Partially. A grade can correct colour temperature, lift shadow detail and reduce highlights by 1–2 stops. It cannot add detail that was not captured (blown highlights, crushed blacks) or remove harsh shadow patterns. Grading is not a substitute for proper lighting — but it can rescue footage that was lit acceptably but not optimally.
What colour space should we shoot in for the best grade result?
For maximum grading latitude, shoot in your camera's widest log format: S-Log3 (Sony), C-Log3 (Canon), LOG C (ARRI) or Blackmagic RAW. Apply a conversion LUT or colour science transform at the start of the grade to normalise to your working colour space (Rec.709 or ACES). Never bake in-camera picture profiles if a DI grade is planned.
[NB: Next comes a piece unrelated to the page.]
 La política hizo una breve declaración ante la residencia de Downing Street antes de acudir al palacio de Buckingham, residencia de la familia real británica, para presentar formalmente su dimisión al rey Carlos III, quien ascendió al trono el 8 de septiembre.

Can the same professional grade our corporate videos and our social content?
Yes, and it is preferable. A colourist who grades your main content can also apply a matching grade to vertical-format social cuts or cutdowns, ensuring brand colour consistency across all channels. Many colourists offer a multi-format delivery add-on at 30–50% of the original grade cost.
What is a conform, and why does it cost extra?
Conform is the process of rebuilding your offline edit using full-resolution camera-original media rather than the proxy files your editor used. It is essential for a quality DI. Projects with poorly managed media (missing files, renamed reels, mixed frame rates) can add 2–8 hours to the conform — at £400–£900/day, this is a material cost that good production management prevents.
Is remote colour grading as good as in-person?
For most corporate video briefs, yes. Remote grading via Frame.io, Sohonet ClearView or a calibrated client monitor delivers equivalent results to in-person sessions. The key requirement is that your monitor is calibrated to Rec.709 D65 white point — an uncalibrated display produces inaccurate viewing conditions and leads to revision rounds that a calibrated session would have prevented.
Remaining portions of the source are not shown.